◆ Task directions ◆
Would you transcribe the records below from the line with "CAPTAIN88 キャプテン Picot" to the line with "Papier enveloppant avec", ends included, exactly and with nothing more, leaving the pictures out?

◆ Provided data ◆
■ ■ ■
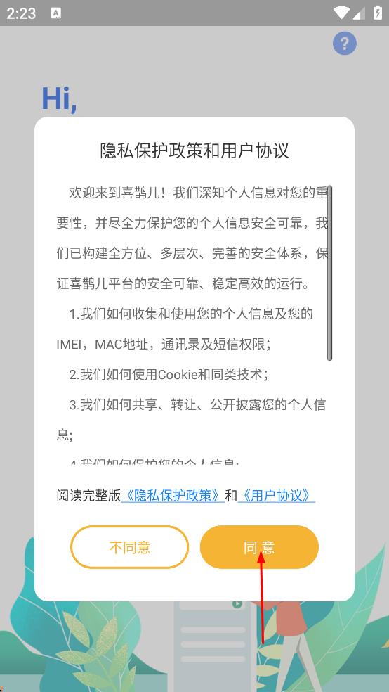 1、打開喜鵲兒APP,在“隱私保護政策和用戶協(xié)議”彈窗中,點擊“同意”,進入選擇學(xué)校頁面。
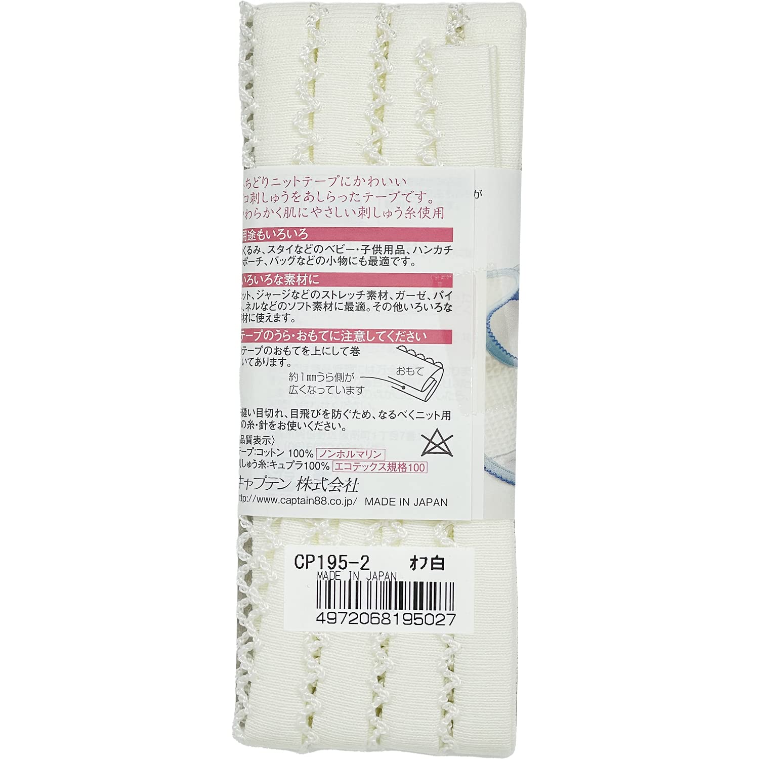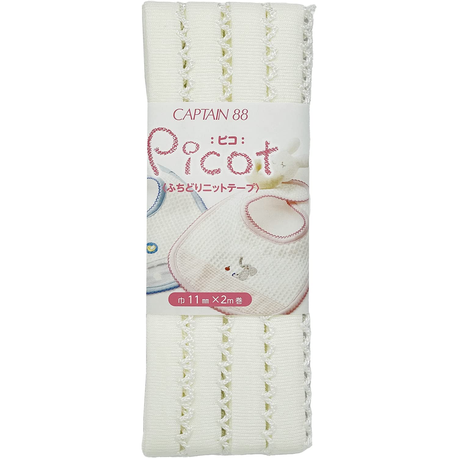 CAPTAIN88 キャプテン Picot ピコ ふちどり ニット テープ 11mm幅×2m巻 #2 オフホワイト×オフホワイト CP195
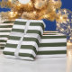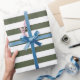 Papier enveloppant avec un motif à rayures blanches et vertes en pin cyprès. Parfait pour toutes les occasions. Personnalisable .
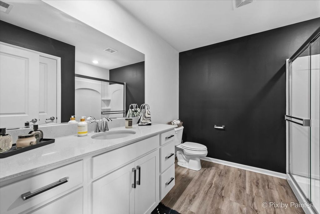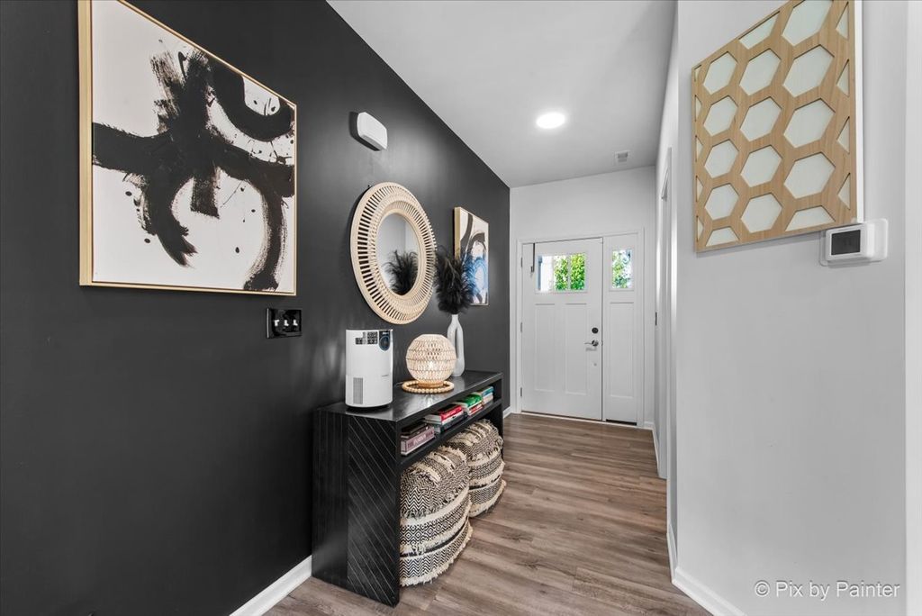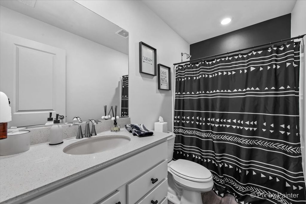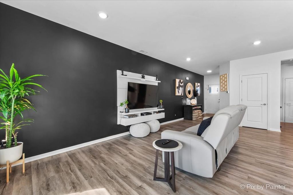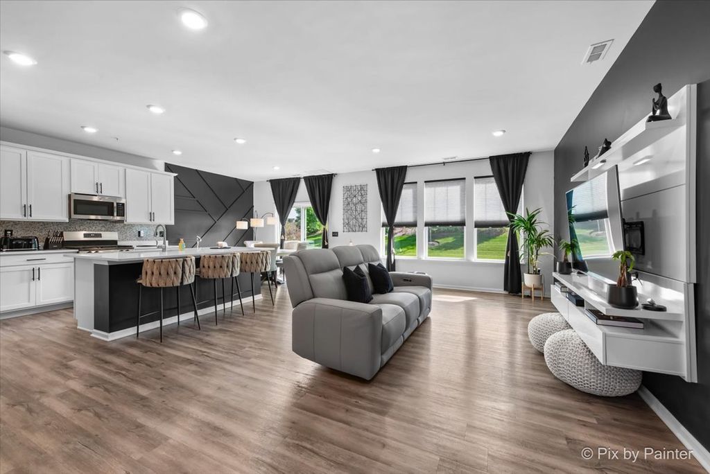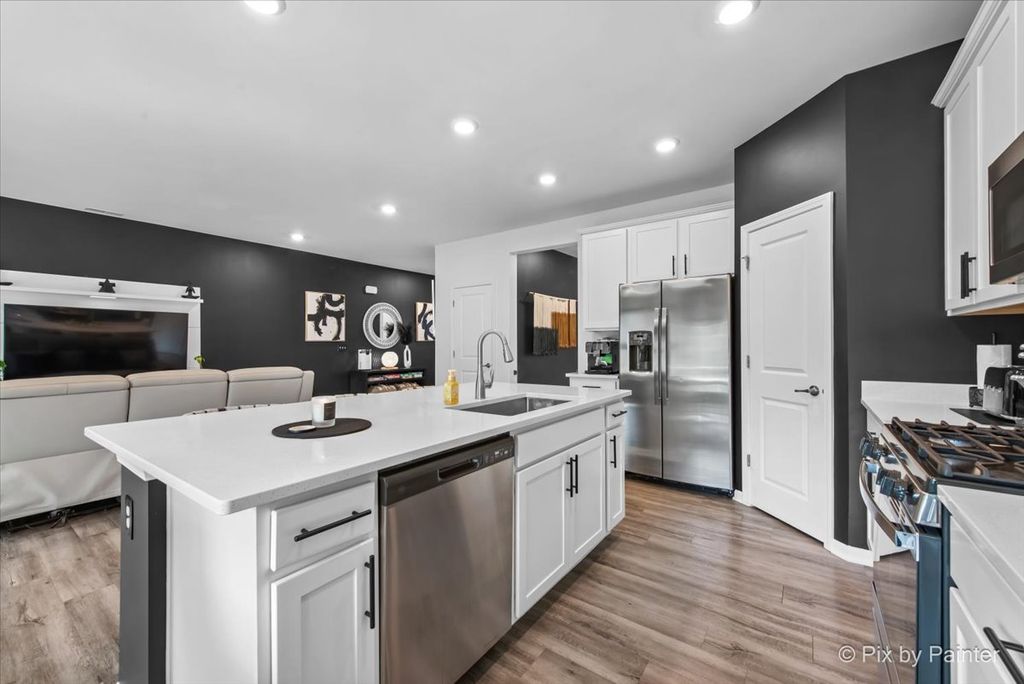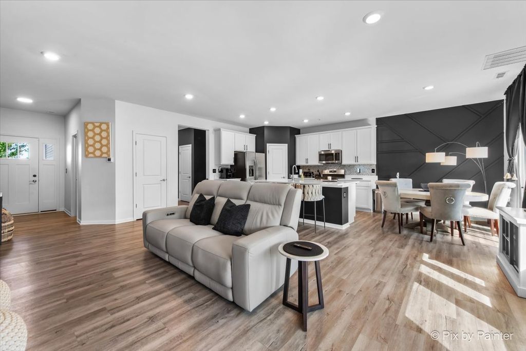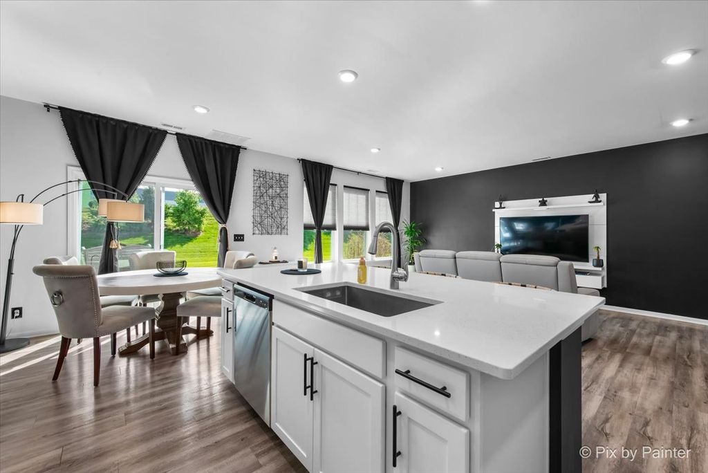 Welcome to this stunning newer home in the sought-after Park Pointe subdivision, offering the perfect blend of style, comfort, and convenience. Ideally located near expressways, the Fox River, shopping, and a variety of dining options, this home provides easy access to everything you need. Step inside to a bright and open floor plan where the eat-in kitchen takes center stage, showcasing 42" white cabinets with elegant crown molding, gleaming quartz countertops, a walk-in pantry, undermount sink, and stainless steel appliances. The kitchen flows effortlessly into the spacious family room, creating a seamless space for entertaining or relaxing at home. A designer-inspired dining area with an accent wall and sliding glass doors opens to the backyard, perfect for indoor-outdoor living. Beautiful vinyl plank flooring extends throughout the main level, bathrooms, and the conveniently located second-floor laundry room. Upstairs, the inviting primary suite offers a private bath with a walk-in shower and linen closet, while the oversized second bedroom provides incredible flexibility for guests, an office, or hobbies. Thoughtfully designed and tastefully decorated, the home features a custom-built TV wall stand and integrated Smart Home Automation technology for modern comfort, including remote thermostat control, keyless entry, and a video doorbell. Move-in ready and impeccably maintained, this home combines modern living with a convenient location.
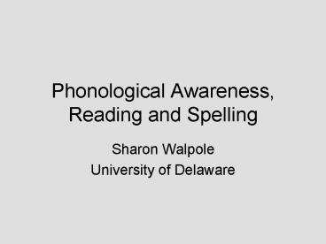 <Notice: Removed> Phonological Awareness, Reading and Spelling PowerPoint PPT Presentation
■ ■ ■
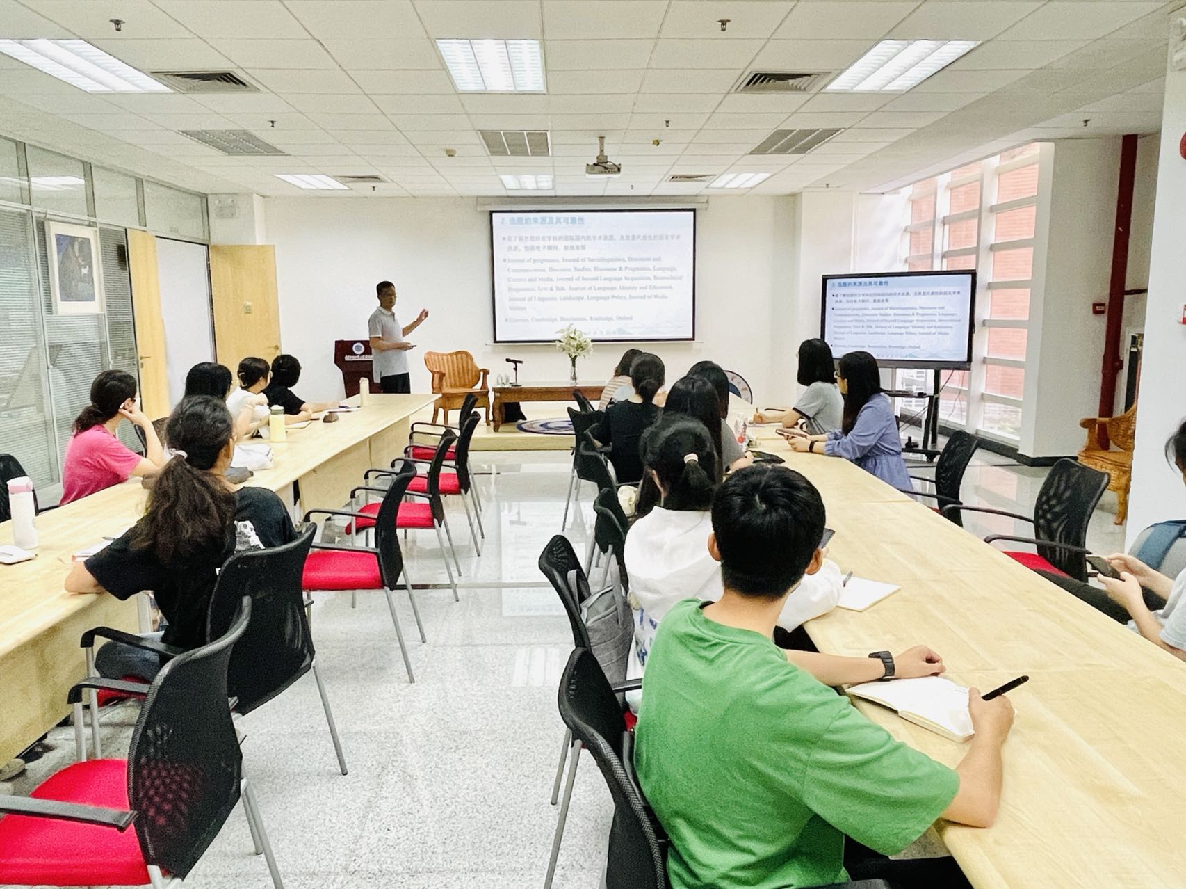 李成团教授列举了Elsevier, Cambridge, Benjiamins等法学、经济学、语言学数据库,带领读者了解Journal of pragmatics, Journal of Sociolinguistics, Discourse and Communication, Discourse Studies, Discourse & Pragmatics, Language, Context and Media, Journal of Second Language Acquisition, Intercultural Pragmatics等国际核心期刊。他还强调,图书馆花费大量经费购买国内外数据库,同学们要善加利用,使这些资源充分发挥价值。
■ ■ ■
◆ Written answer ◆
 CAPTAIN88 キャプテン Picot ピコ ふちどり ニット テープ 11mm幅×2m巻 #2 オフホワイト×オフホワイト CP195
 Papier enveloppant avec un motif à rayures blanches et vertes en pin cyprès. Parfait pour toutes les occasions. Personnalisable .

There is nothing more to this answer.